SUPPLIED MATERIAL:

———

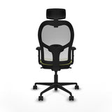 The office chair with headrest model 2D036N2 from Piqueras y Crespo is an ergonomic and functional solution designed to provide optimal comfort during long workdays, even for 24-hour continuous use. This office chair in olive green features a fixed backrest made with an outer PVC frame and a seat reinforced with high-density injected polyurethane foam (50 mm thick and 50 Kg/m³), ensuring both durability and comfort. Its design includes a 2D adjustable headrest and a 1D lumbar support, adding ergonomic support to prevent postural fatigue. It also has 2D adjustable armrests that adapt to the user, enhancing versatility and arm positioning. The synchro mechanism with 5 locking positions offers controlled movement to adjust the backrest and seat tilt, while the height is fully adjustable, allowing customization from 48 to 61 cm seat height and 121 to 134 cm total height. The nylon 5-star base with a 680 mm diameter and 65 mm nylon wheels, with steel axles and bolts, ensure stability and smooth movement on flat surfaces, all certified to UNE-EN-1335 and BIFMA quality standards for professional environments. The breathable mesh and fabric promote ventilation, helping maintain a comfortable temperature on the backrest during extended use. Its maximum capacity is 120 kg, safely accommodating different users. With a sober design and elegant green tones, this chair combines ergonomics, durability, and functionality, making it a suitable option for workspaces requiring comfort and technical support during intensive hours.
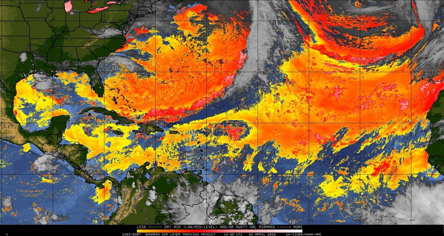 Il n’y a pas de cyclone ni de système surveillé par le NHC en Atlantique. Nous ne sommes pas actuellement en période cyclonique
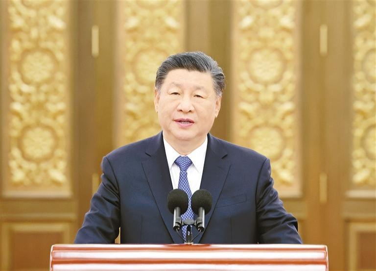 9月23日,党和国家领导人习近平、李强、赵乐际、王沪宁、蔡奇、丁薛祥、李希等在人民大会堂接见探月工程嫦娥六号任务参研参试人员代表并参观月球样品和探月工程成果展览。这是习近平发表重要讲话。
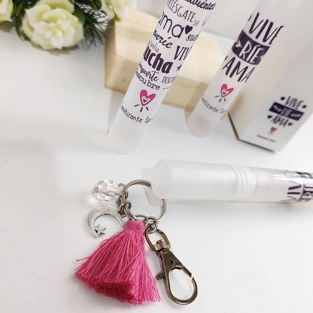 sanitizante lapicera con colgante frases varias y caja. por unidad.

———

WHAT IS REQUIRED:
Copy out the data above to the letter, and keep every picture out of it.

WRITTEN RESPONSE:
 The office chair with headrest model 2D036N2 from Piqueras y Crespo is an ergonomic and functional solution designed to provide optimal comfort during long workdays, even for 24-hour continuous use. This office chair in olive green features a fixed backrest made with an outer PVC frame and a seat reinforced with high-density injected polyurethane foam (50 mm thick and 50 Kg/m³), ensuring both durability and comfort. Its design includes a 2D adjustable headrest and a 1D lumbar support, adding ergonomic support to prevent postural fatigue. It also has 2D adjustable armrests that adapt to the user, enhancing versatility and arm positioning. The synchro mechanism with 5 locking positions offers controlled movement to adjust the backrest and seat tilt, while the height is fully adjustable, allowing customization from 48 to 61 cm seat height and 121 to 134 cm total height. The nylon 5-star base with a 680 mm diameter and 65 mm nylon wheels, with steel axles and bolts, ensure stability and smooth movement on flat surfaces, all certified to UNE-EN-1335 and BIFMA quality standards for professional environments. The breathable mesh and fabric promote ventilation, helping maintain a comfortable temperature on the backrest during extended use. Its maximum capacity is 120 kg, safely accommodating different users. With a sober design and elegant green tones, this chair combines ergonomics, durability, and functionality, making it a suitable option for workspaces requiring comfort and technical support during intensive hours.
 Il n’y a pas de cyclone ni de système surveillé par le NHC en Atlantique. Nous ne sommes pas actuellement en période cyclonique
 9月23日,党和国家领导人习近平、李强、赵乐际、王沪宁、蔡奇、丁薛祥、李希等在人民大会堂接见探月工程嫦娥六号任务参研参试人员代表并参观月球样品和探月工程成果展览。这是习近平发表重要讲话。
 sanitizante lapicera con colgante frases varias y caja. por unidad.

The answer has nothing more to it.